From the first line of the material below through the line containing "技术点评:高位空头动力延续空", print every line exactly as it stands, but no pictures.

__Dataset section__:
━━━━━━━━
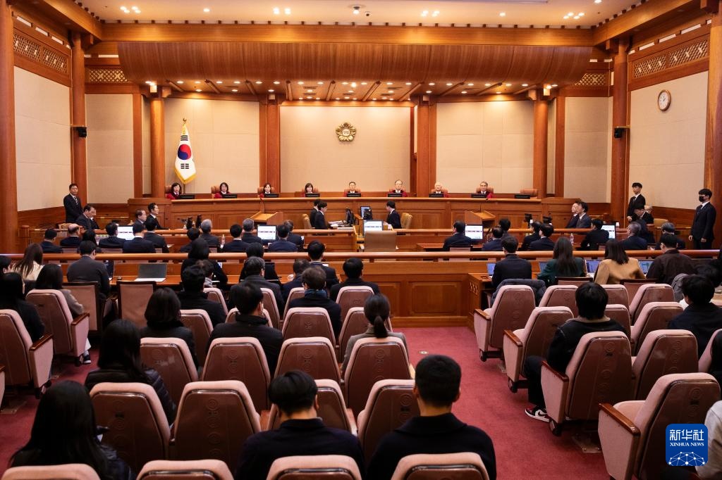 这是1月21日在韩国首尔宪法法院拍摄的庭审现场。
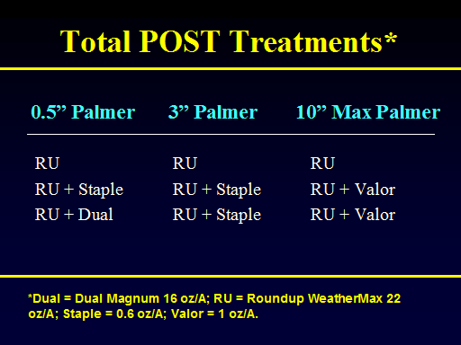 Total POST Treatments*<BR>RU				RU			RU <BR>RU + Staple		RU + Staple		RU + Valor <BR>RU + Dual		RU + Staple		RU + Valor<BR>  0.5” Palmer	  3” Palmer	10” Max Palmer<BR>*Dual = Dual Magnum 16 oz/A; RU = Roundup WeatherMax 22 oz/A; Staple = 0.6 oz/A; Valor = 1 oz/A.<BR>
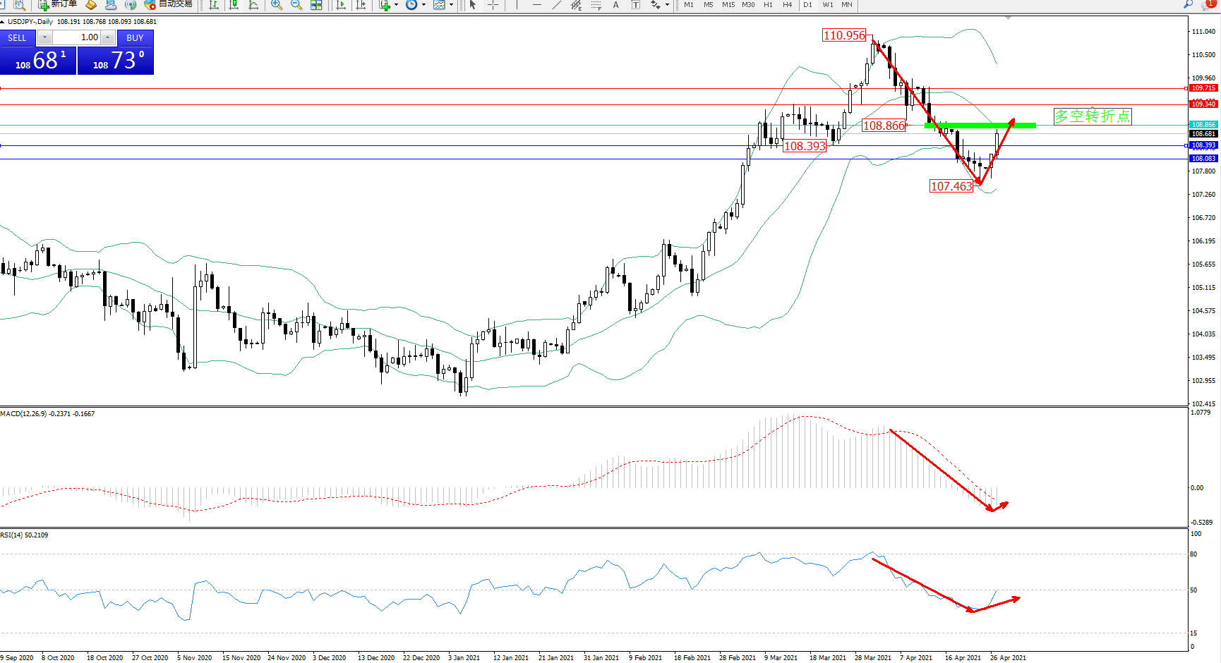 技术点评:高位空头动力延续空头下行走势持续下挫,触及布林带指标下轨附近节点后不断向下移动,空头动力下行至107.463附近得到支撑短暂整理后急速回升,即将触及中轨附近节点,布林带指标呈张口走势后开始缓慢收口中,MACD指标处于0轴线下方空头区域持续震荡后开始有回升迹象,RSI指标处于空头区域整理后急速反转上行,即将突破50均衡线节点;
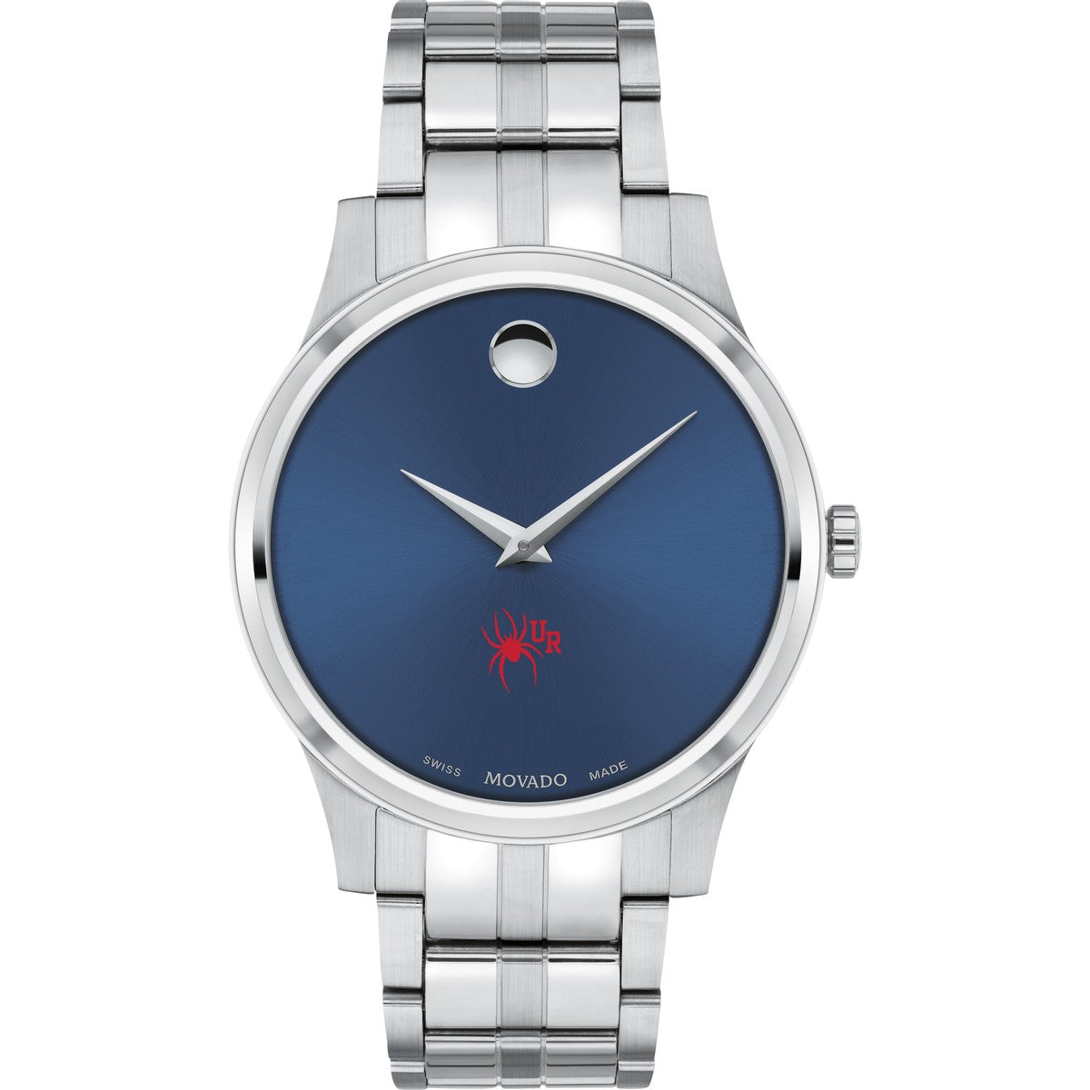 The University of Richmond Men's Movado Collection watch boasts a striking blue dial featuring the iconic Richmond logo in full color. This timeless timepiece, renowned for its concave dot representing the sun at high noon, has been a symbol of elegance since its inception in 1947. Make it uniquely yours with free engraving without affecting order processing time.
━━━━━━━━
__Your response__:
 这是1月21日在韩国首尔宪法法院拍摄的庭审现场。
 Total POST Treatments*<BR>RU				RU			RU <BR>RU + Staple		RU + Staple		RU + Valor <BR>RU + Dual		RU + Staple		RU + Valor<BR>  0.5” Palmer	  3” Palmer	10” Max Palmer<BR>*Dual = Dual Magnum 16 oz/A; RU = Roundup WeatherMax 22 oz/A; Staple = 0.6 oz/A; Valor = 1 oz/A.<BR>
 技术点评:高位空头动力延续空头下行走势持续下挫,触及布林带指标下轨附近节点后不断向下移动,空头动力下行至107.463附近得到支撑短暂整理后急速回升,即将触及中轨附近节点,布林带指标呈张口走势后开始缓慢收口中,MACD指标处于0轴线下方空头区域持续震荡后开始有回升迹象,RSI指标处于空头区域整理后急速反转上行,即将突破50均衡线节点;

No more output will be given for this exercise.